Description of the task: Could you retype all of the entries exactly, without their pictures?

[Data for the task]

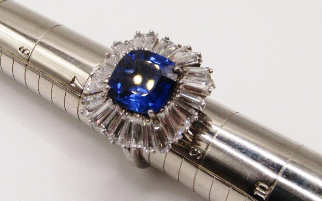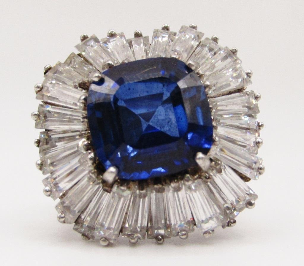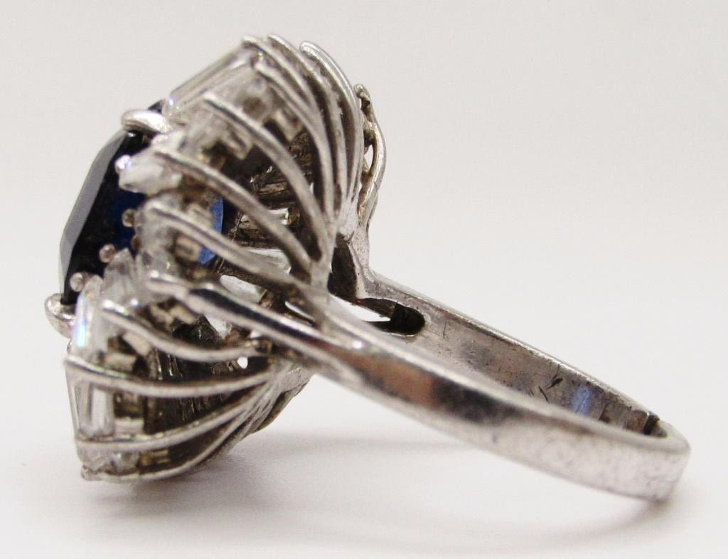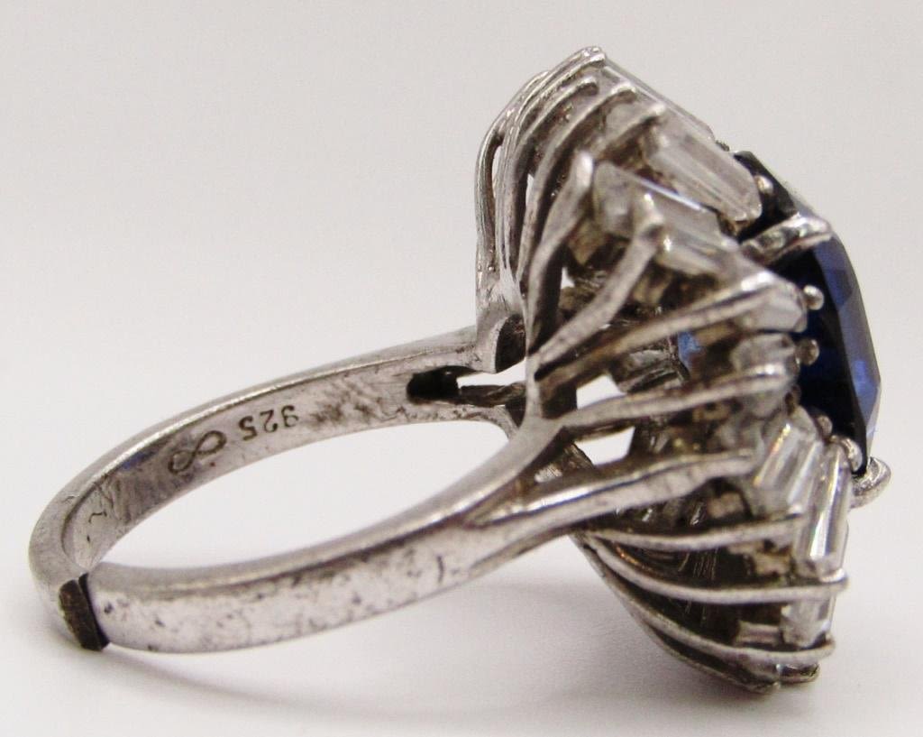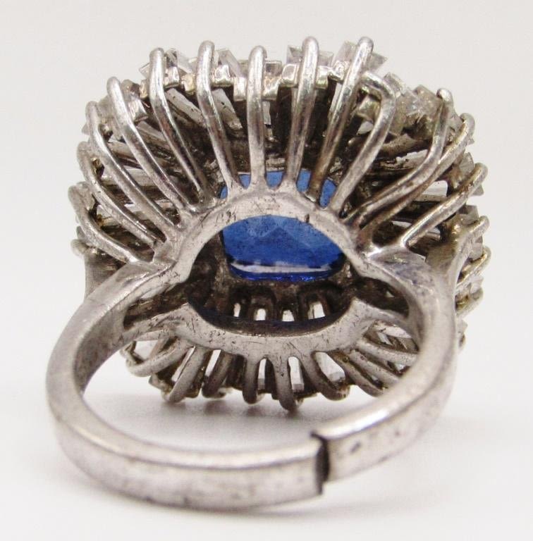 NAVY BLUE CENTER STONE-CLEAR STONE AROUND BORDER-RING SIZE 8-TOTAL 9.1 DWT
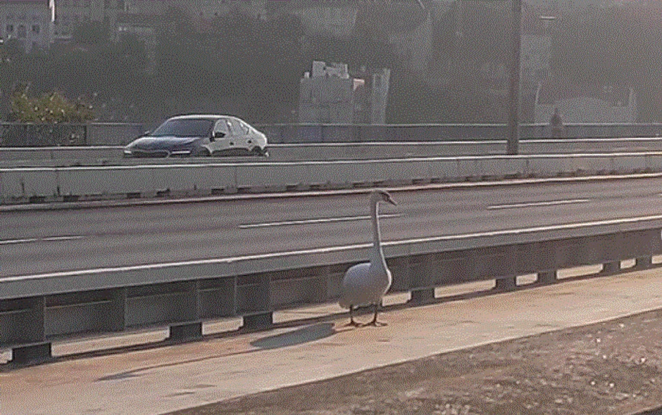 Međutim, jedan od ovih pernatih lepotana bio je možda jutros previše radoznao te se umesto da kako zakoni prirode nalažu pliva ispod mosta, zaputio peške - preko mosta. I to sam.
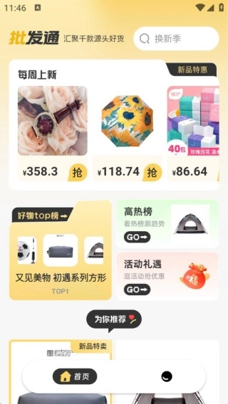 进入平台首页后,就能浏览各类低价商品,便于直接下单。
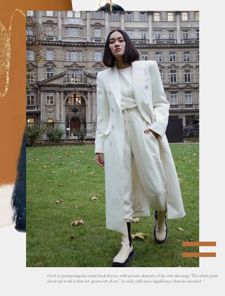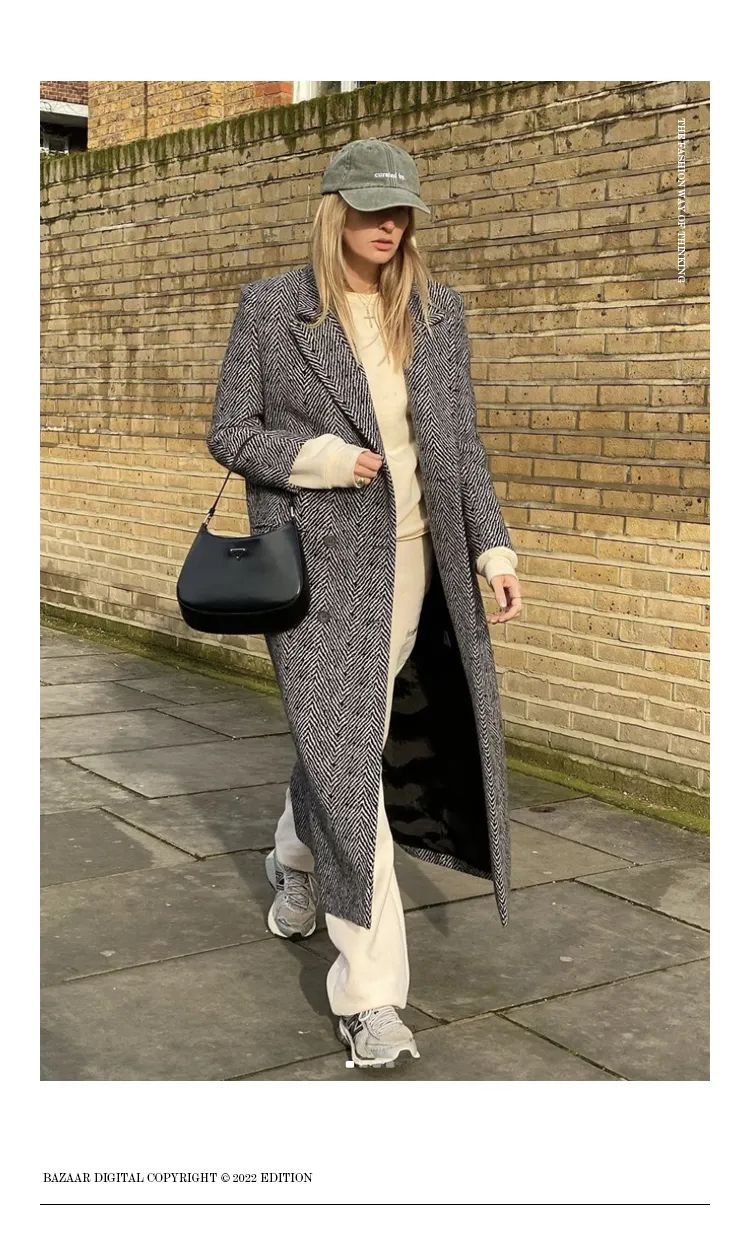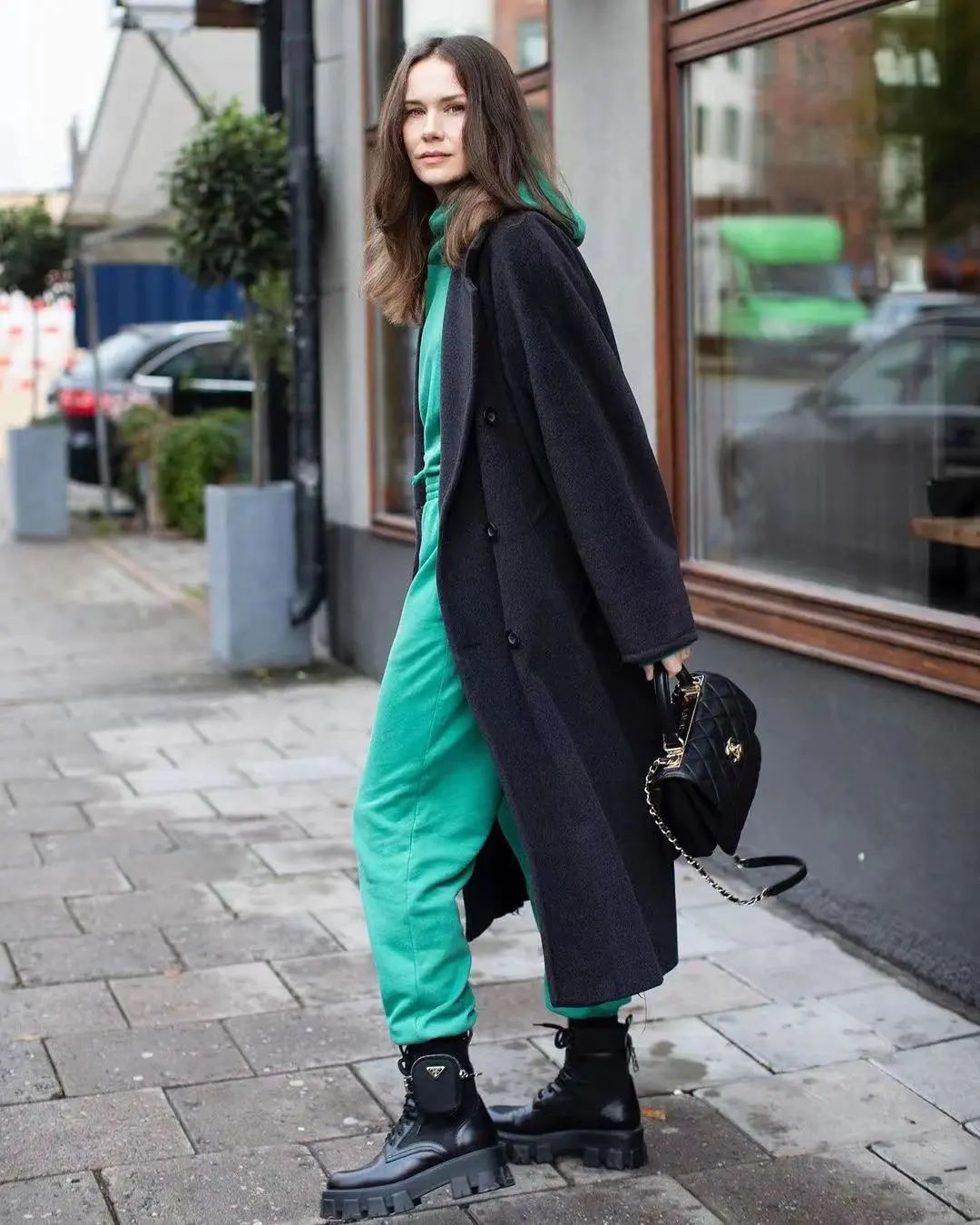 利落的長大衣可以化解衛衣套裝的隨意感,看起來更有精神,即使通勤上班也不會顯得邋遢。
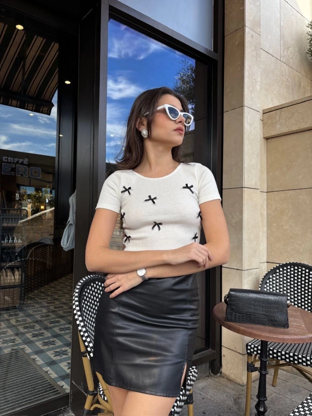 Bağcıklı fiyonk detayıyla feminen bir görünüm kazandırır.
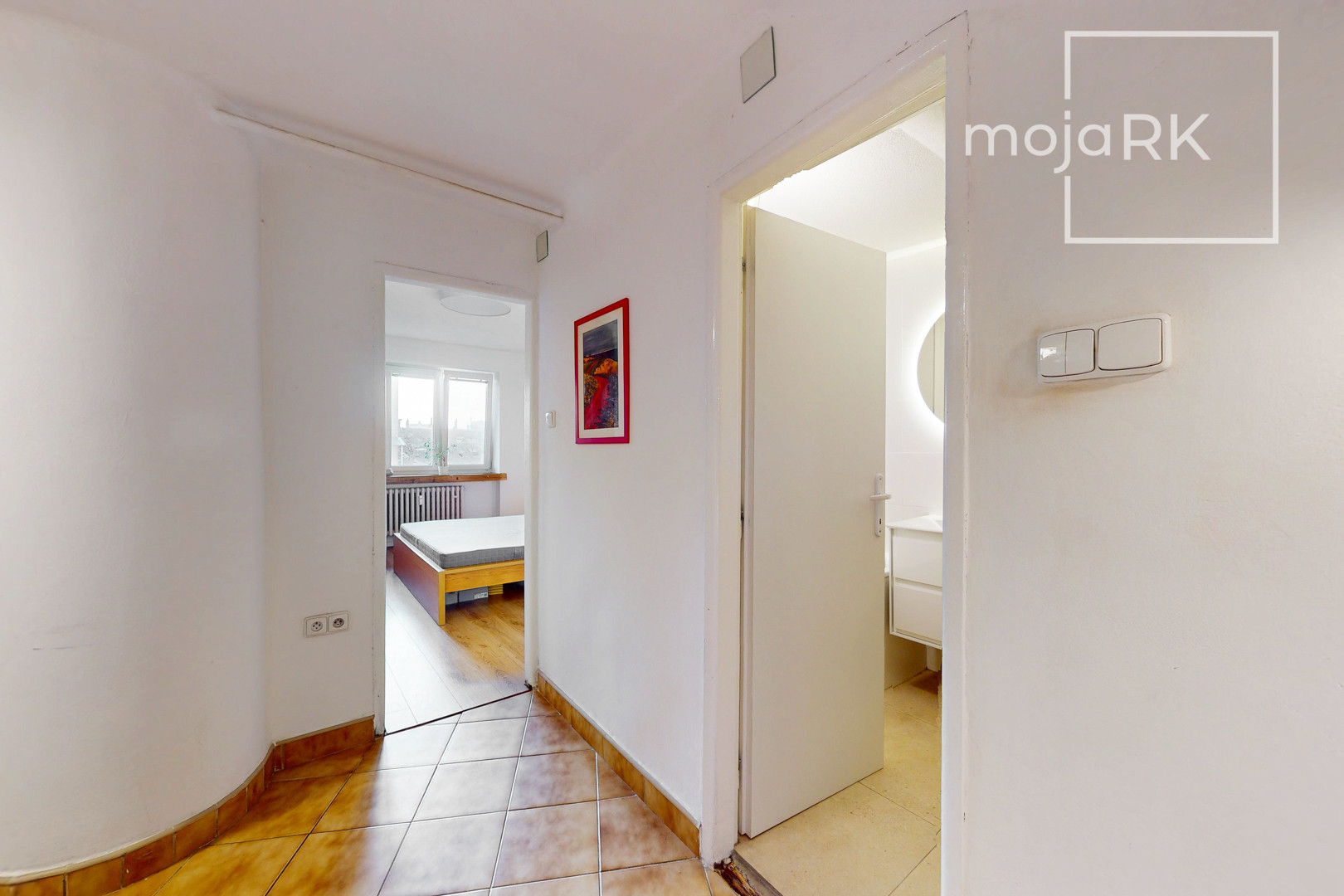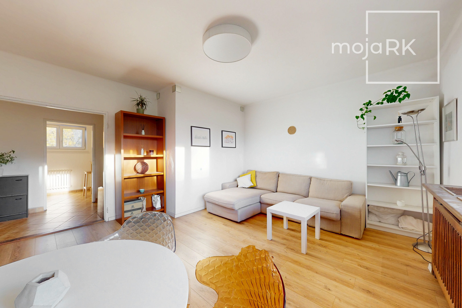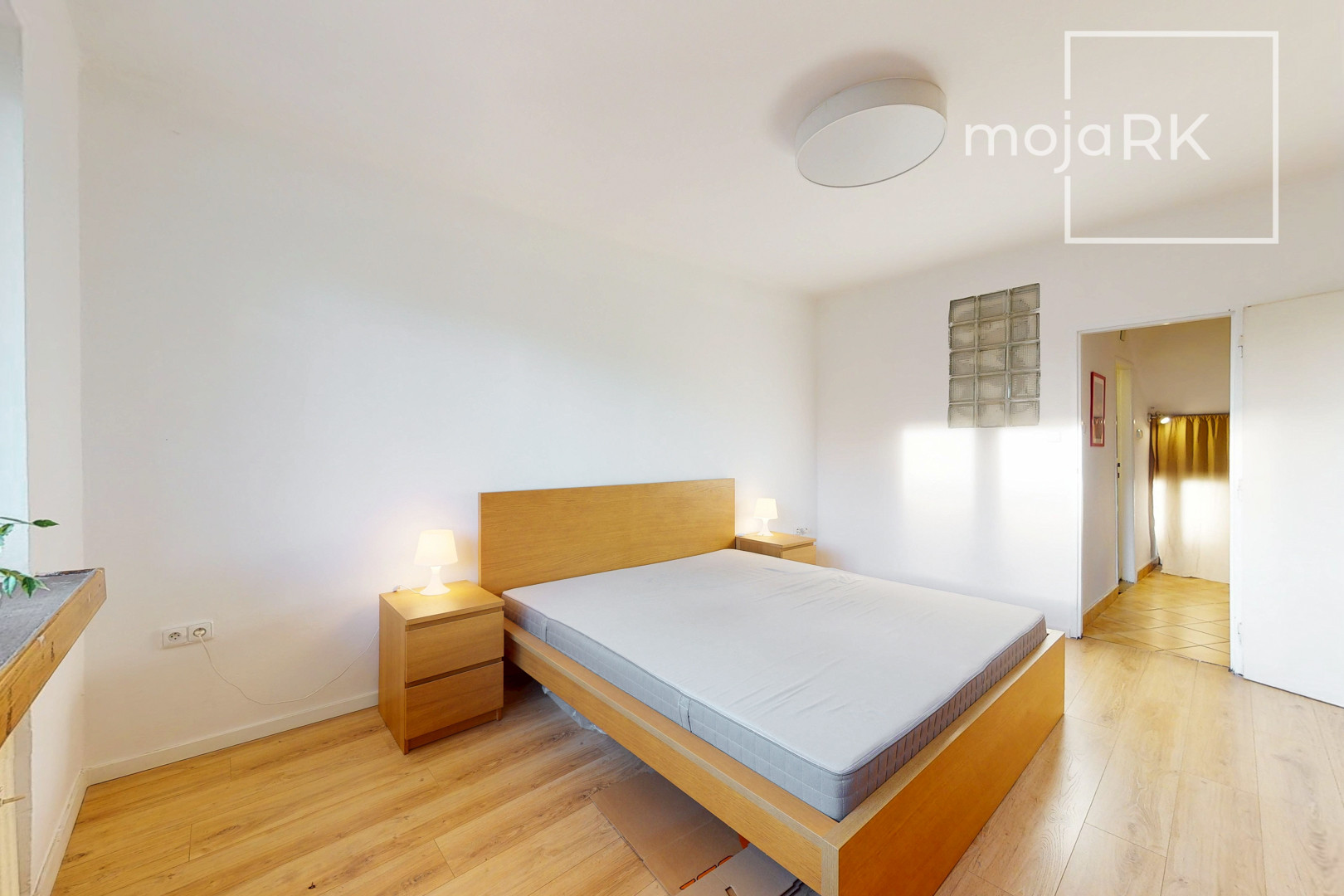 Priestranná obývacia izba má výstup na balkón, ktorý sa tiahne popred obe izby a ponúka výhľad do tichého vnútrobloku, v korunách stromov so siluetou mesta na horizonte.
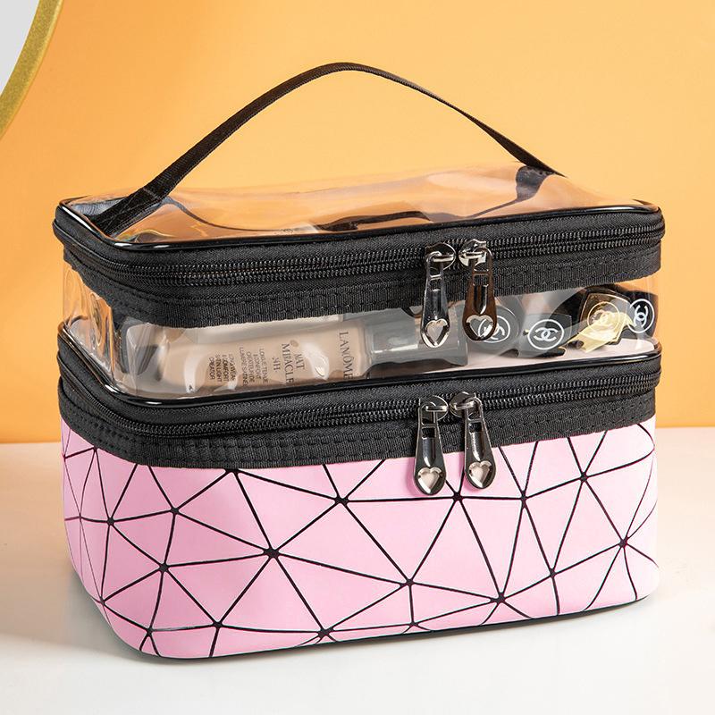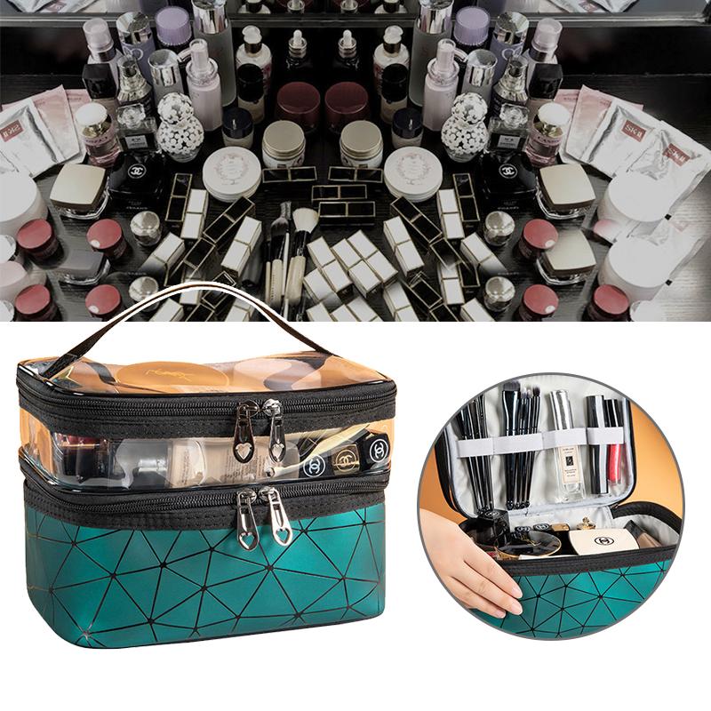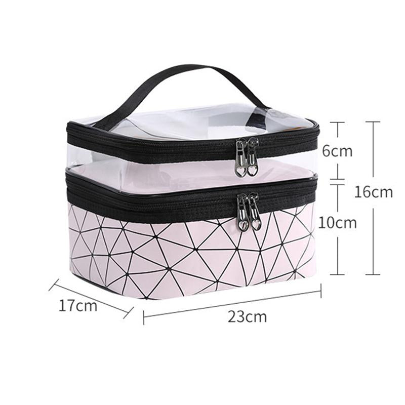 "Elegant och vattentät dubbellager kosmetikväska för damer, transparent och med handrem, perfekt organisering och bärbarhet."

[/Data for the task]

Response below:
 NAVY BLUE CENTER STONE-CLEAR STONE AROUND BORDER-RING SIZE 8-TOTAL 9.1 DWT
 Međutim, jedan od ovih pernatih lepotana bio je možda jutros previše radoznao te se umesto da kako zakoni prirode nalažu pliva ispod mosta, zaputio peške - preko mosta. I to sam.
 进入平台首页后,就能浏览各类低价商品,便于直接下单。
 利落的長大衣可以化解衛衣套裝的隨意感,看起來更有精神,即使通勤上班也不會顯得邋遢。
 Bağcıklı fiyonk detayıyla feminen bir görünüm kazandırır.
 Priestranná obývacia izba má výstup na balkón, ktorý sa tiahne popred obe izby a ponúka výhľad do tichého vnútrobloku, v korunách stromov so siluetou mesta na horizonte.
 "Elegant och vattentät dubbellager kosmetikväska för damer, transparent och med handrem, perfekt organisering och bärbarhet."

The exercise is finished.